The novel is highly episodic; though it has a strong overarching theme -- the almost Rousseauian exuberance and perceptiveness of childhood when unrestrained by the stuffy customs of adulthood -- it doesn't have much in the way of a plot. Instead, we follow Lucinda through a series of interconnected vignettes, as characters and locations are woven into a vibrant tapestry of an idealized Gilded Age city. Ruth Sawyer's prose is lovely, and the massive army of characters are for the most part excellently differentiated, especially for a book that's less than 200 pages long.

Roller Skates does suffer from a bit of period piece-ness. It has racial attitudes that, though fairly progressive for the 1930s, aren't modern, as when Lucinda fantasizes about being born an American Indian, or when everyone refers to one minor character simply as Black Susan. It's a bit alarming as well how often Lucinda simply runs off to have an adventure with some grown-up that she's only met once, though the world of Roller Skates is much more like a more urban Anne of Green Gables than one that would involve Nancy Grace.

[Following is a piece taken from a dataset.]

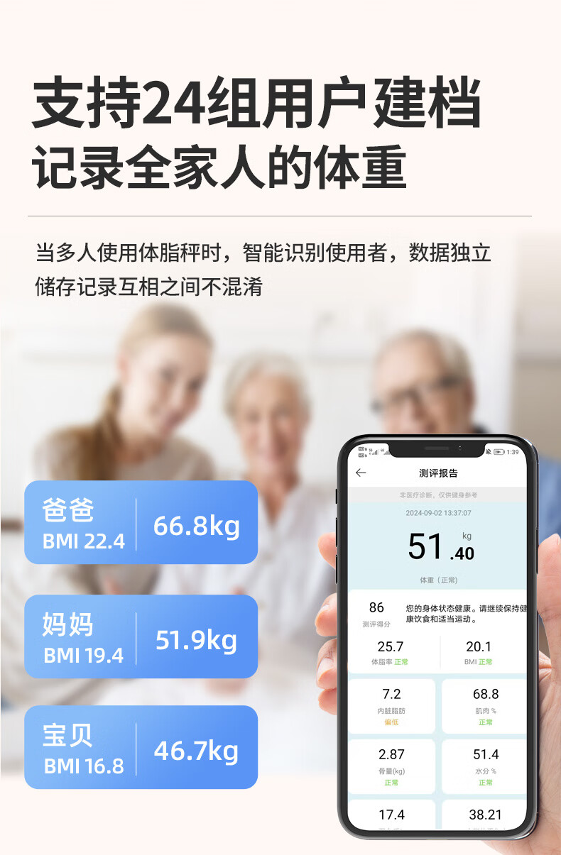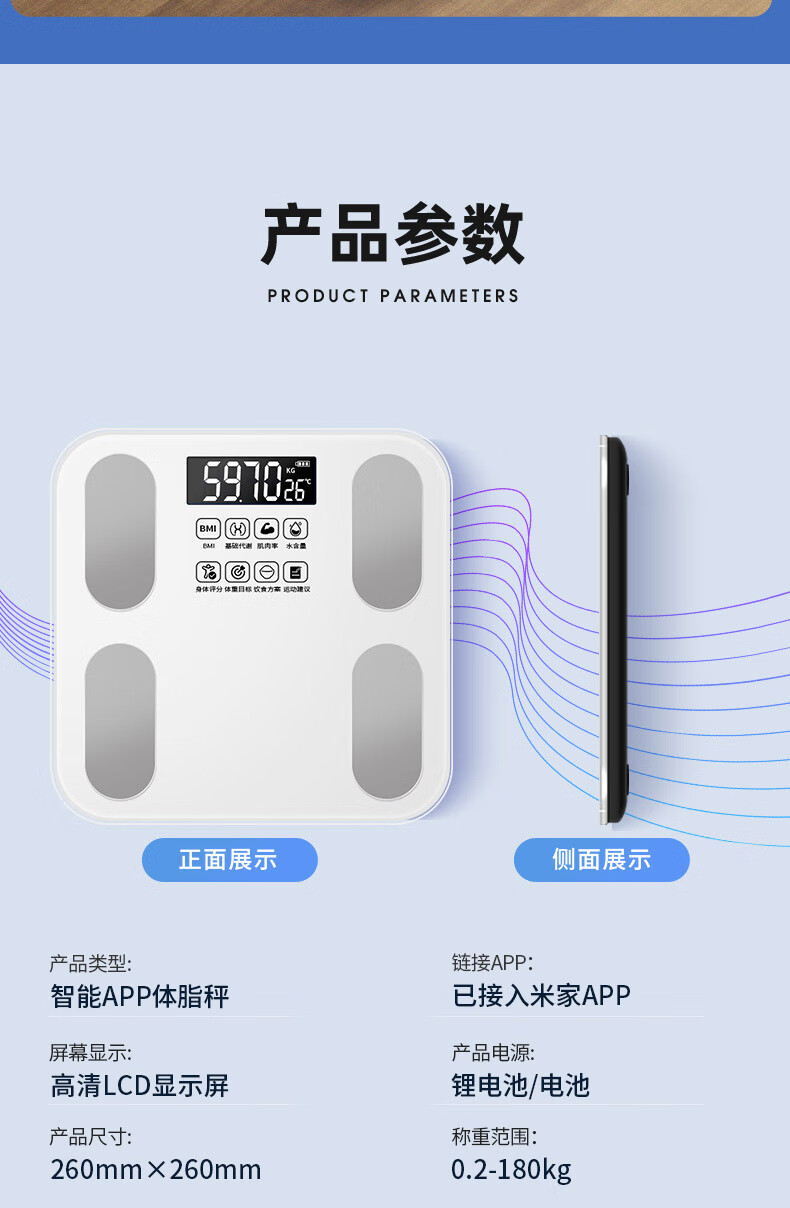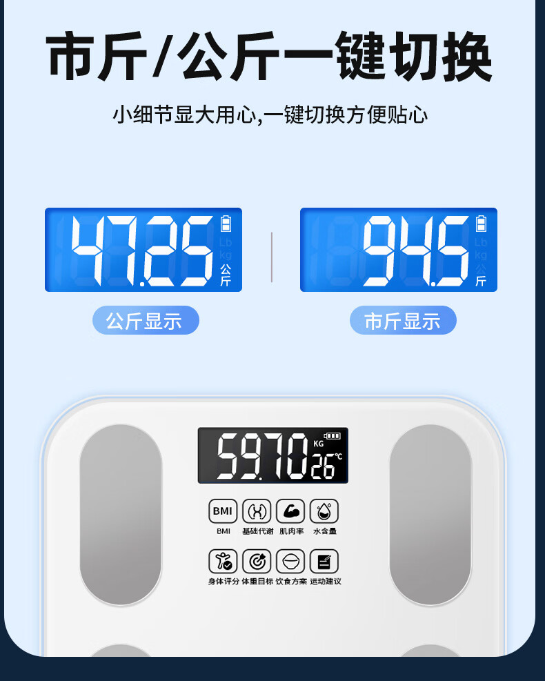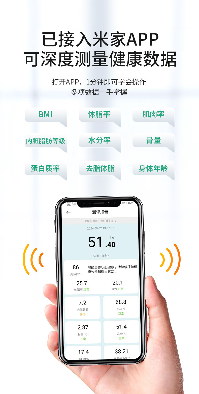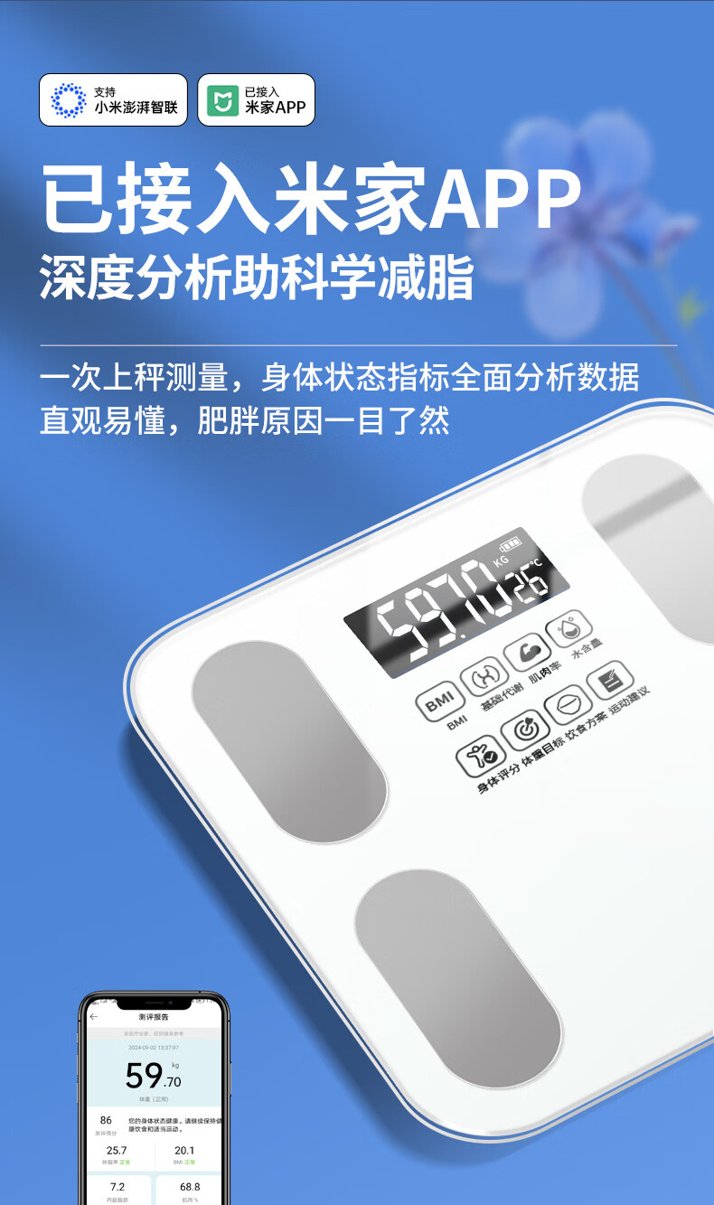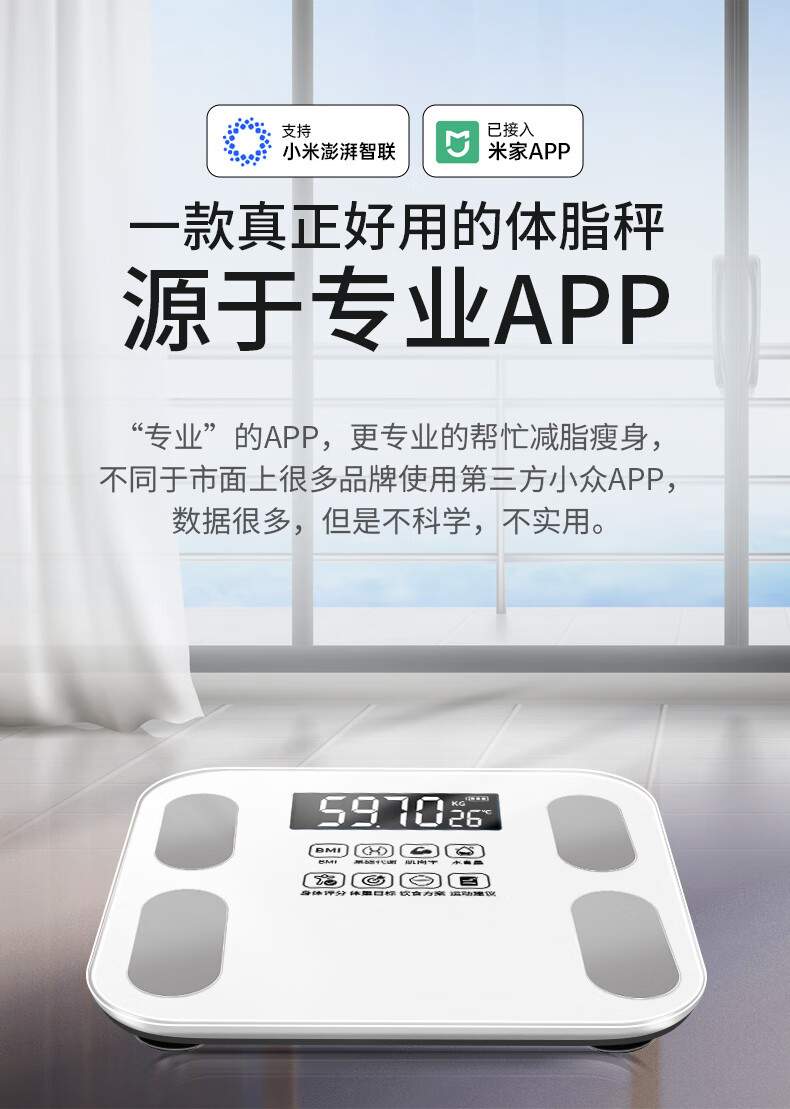米家APP体脂秤体重秤电子秤家用称重计减肥专用智能精准充电健康秤电子称体脂称 【爆款】米家APP体脂秤-充电

Or at least, it is most of the time. Near the end of the book, Lucinda goes to visit one of her adult friends, a Chinese woman that (in a bit of uncomfortable exoticism) she refers to as Princess Zayda...only to find her body, stabbed to death in what it's implied was a domestic abuse incident. It's a horrifying moment, and one that's tonally very much at odds with the rest of the book. The consequences for Lucinda aren't anything like fully explored, and it strikes a jarring note.

Much better handled are the tender scenes where Trinket, the little neighbor girl who's become a close friend of Lucinda's, takes ill and dies. In particular, the passage where the family doctor takes Lucinda for a walk by the East River and tells her that Trinket is dead without using those words is gorgeous and heartbreaking.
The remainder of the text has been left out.